Apis Mellifica


James Tyler Kent describes the symptoms of the homeopathic medicine Apis Mellifica in great detail and compares it with other homeopathy remedies. …


Skin: This remedy has so many symptoms on the surface of the body we will study the outer aspect first. All over the body is found a thick rash, sometimes of a rose color.

It is rough and can be felt as a rough rash under the fingers. The patient at this time is greatly distressed by heat and the skin is sensitive to touch with the rash or without it. Nodular swellings here and there come and go.

Then comes an erysipelatous inflammatory condition, in patches, here and there, about the head, with great tumefaction about the face, eyes and eye-lids.

Erysipelas may occur anywhere, but it more commonly belongs to the face and runs to a high degree of inflammatory action, with stinging, burning and oedema. In the extremities we have a marked dropsy, swelling with pitting upon pressure.
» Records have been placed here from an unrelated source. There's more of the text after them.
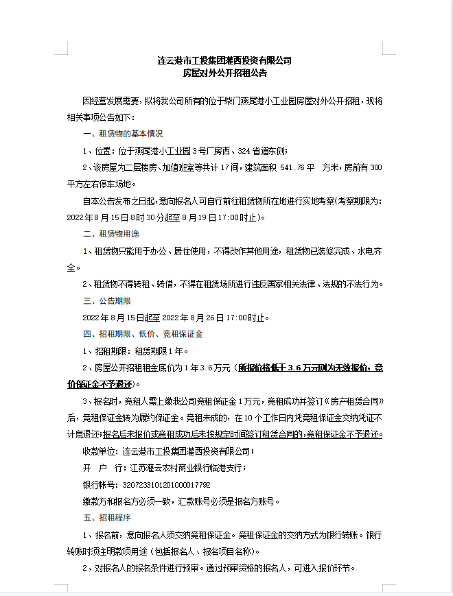 连云港市工投集团灌西投资有限公司
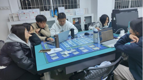 企业竞争模拟大赛是由中国管理现代化研究会、高等学校国家级实验教学示范中心联席会经管学科组指导,中国管理现代化研究会决策模拟专业委员会主办,面向高校大学生的具有中国特色的重要商业模拟竞赛。截至2024年12月,全国企业竞争模拟大赛(研究生组)已成功举办了22届,全国企业竞争模拟大赛(本科组)也已成功举办了15届。其中供应链决策分赛项以三人团体赛形式进行,依据在物流企业管理岗位设置角色,让学生在“管理”中学习管理。学生在复杂多变的市场环境中,面对多个竞争对手,通过多期企业经营分析,制定科学的经营决策,最终达成企业的战略目标。威廉希尔williamhill中文在承接本赛项的赛事中,通过前期周密的校赛选拔,后期严格的训练指导,在威廉希尔williamhill中文物流管理系戚蕊老师联合优秀留校任教的21级物流班黎鑫然和何玉华的带领指导下,团队一路从复赛“杀”进半决赛6支队伍,(如图1)21物流优秀毕业生黎鑫然指导团队成员模拟训练。
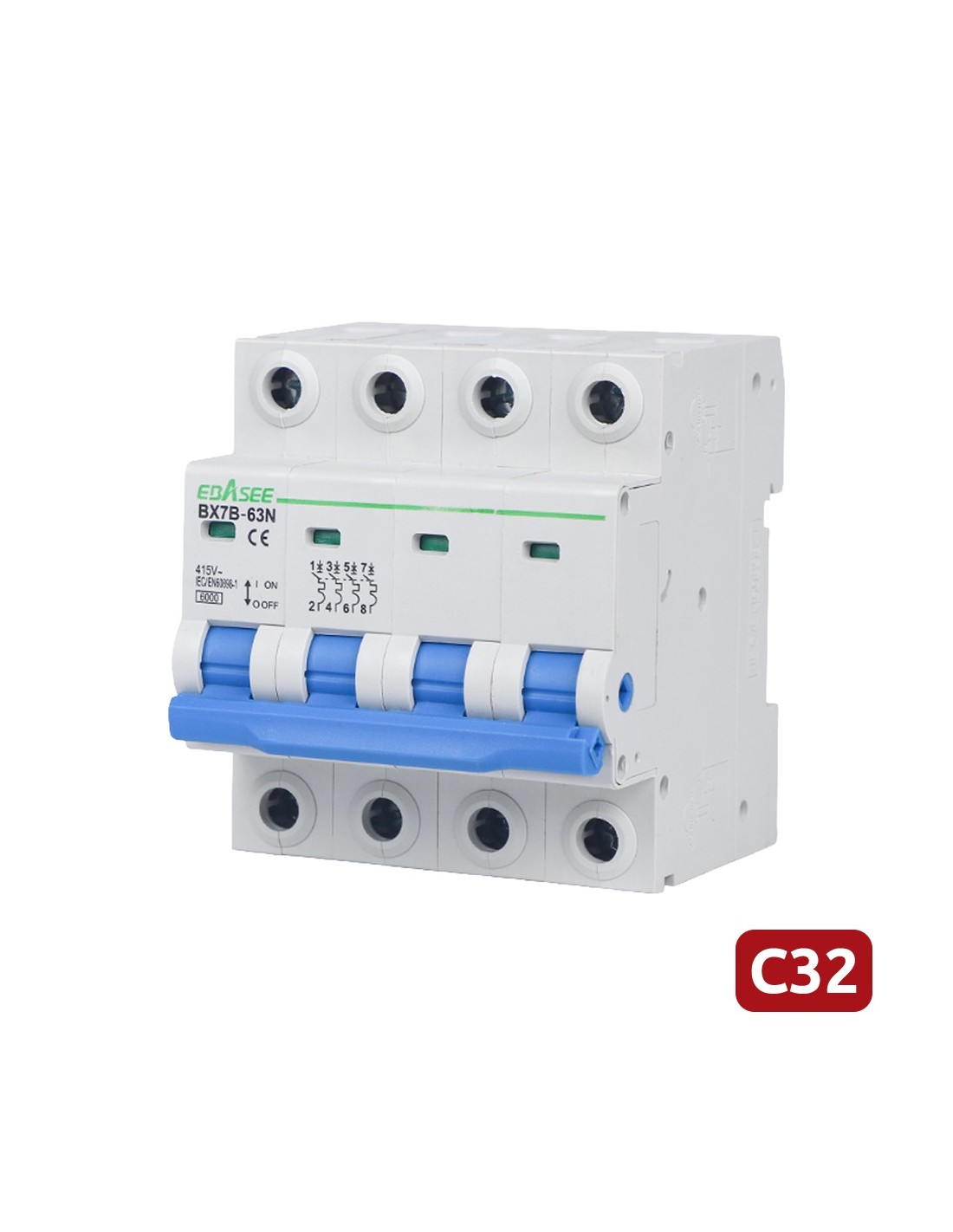 OEM BX7B-63N-32A-4P Interruptor magnetotérmico - Corriente nominal 32A - 4 polos (instalaciones trifásicas) - Curva tipo C - Par
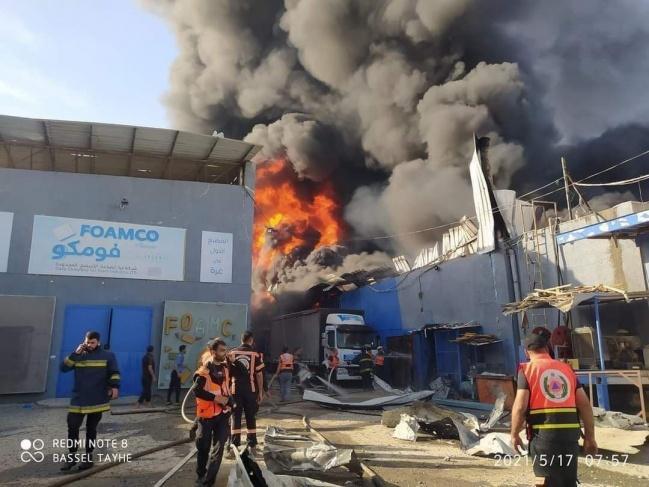الدفاع المدني بغزة: الاحتلال استهدف مصنعاً للإسفنج بعدة قذائف فوسفورية حارقة
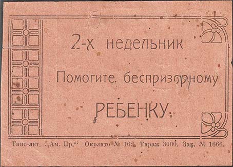 1926(?) г. Разм. 77 х 55 мм. Одноцветная печать на желто-серой бумаге. В центре в прямоугольной рамке с геометрическим орнаментом слева и растительным справа текст в три строки: «2-х недельник Помогите беспризорному ребенку». Внизу под рамкой мелким шрифтом выходные данные неразборчиво.
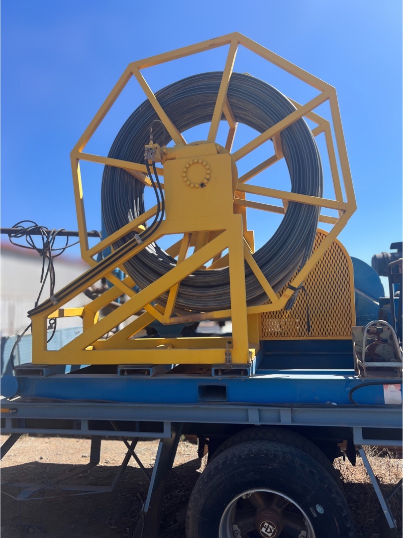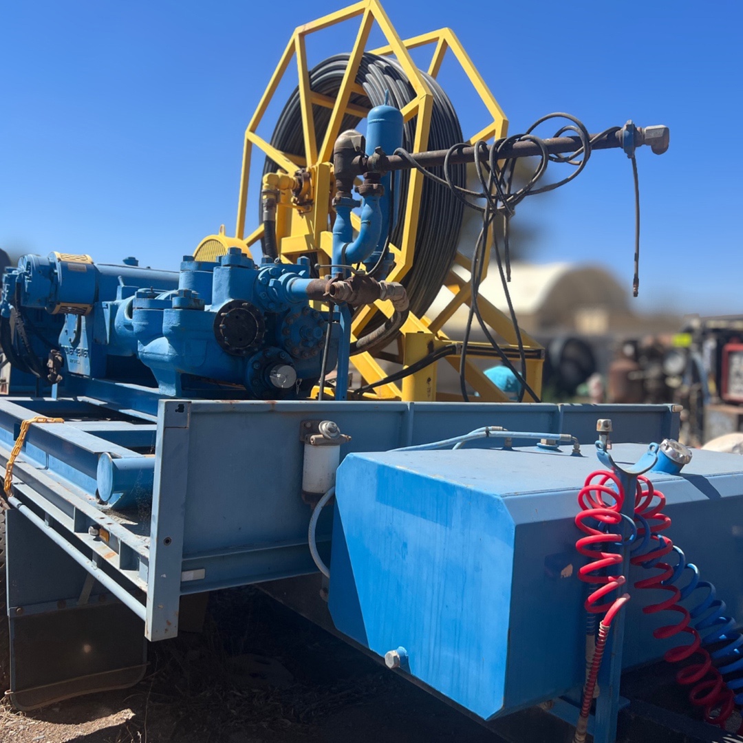 Gardner Denver FXX 172 5×8 duplex pump Powered by a Duetz BF6L914 air cooled diesel 6.5L – 155 hp @ 2300 Rpm Hydraulic drive to the pump Large hydraulically driven hose reeler for poly pipe for grouting Mounted on a single axle pig trailer.
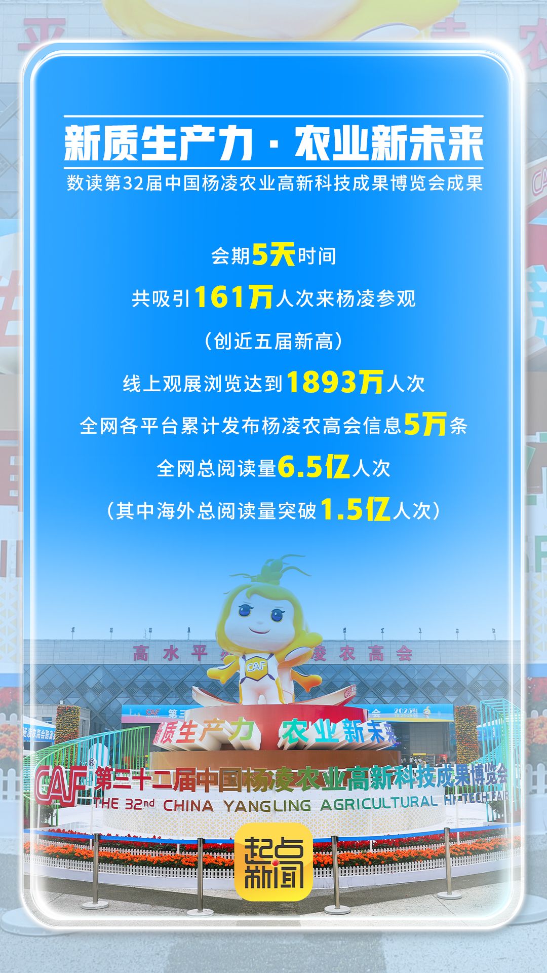 第32届中国杨凌农业高新科技成果博览会(以下简称杨凌农高会)于2025年10月25日至29日在陕西杨凌农业高新技术产业示范区举办。本届农高会取得了哪些成绩?跟着起点新闻一起数读农高会——

A general anasarca may appear. The face is greatly swollen at times, the eyelids look like water bags, the uvula hangs down like a water bag, the abdominal walls are of great thickness and pit upon pressure, and the mucous membranes in any part look as if they would discharge water if they were punctured.

Puffing or oedema, with pitting upon pressure, is a general condition that may be present in any inflammatory state, There is a general amelioration from cold and aggravation from heat. The skin symptoms and the patient are aggravated from heat.

This prevails also in the mental state, in inflammatory conditions; in cardiac conditions, in dropsy, in sore throat, etc. Sometimes this aggravation amounts to aggravation from warm drinks, warm room, warm clothing, warmth of the fire, etc.,; if it is heat the patient is greatly disturbed.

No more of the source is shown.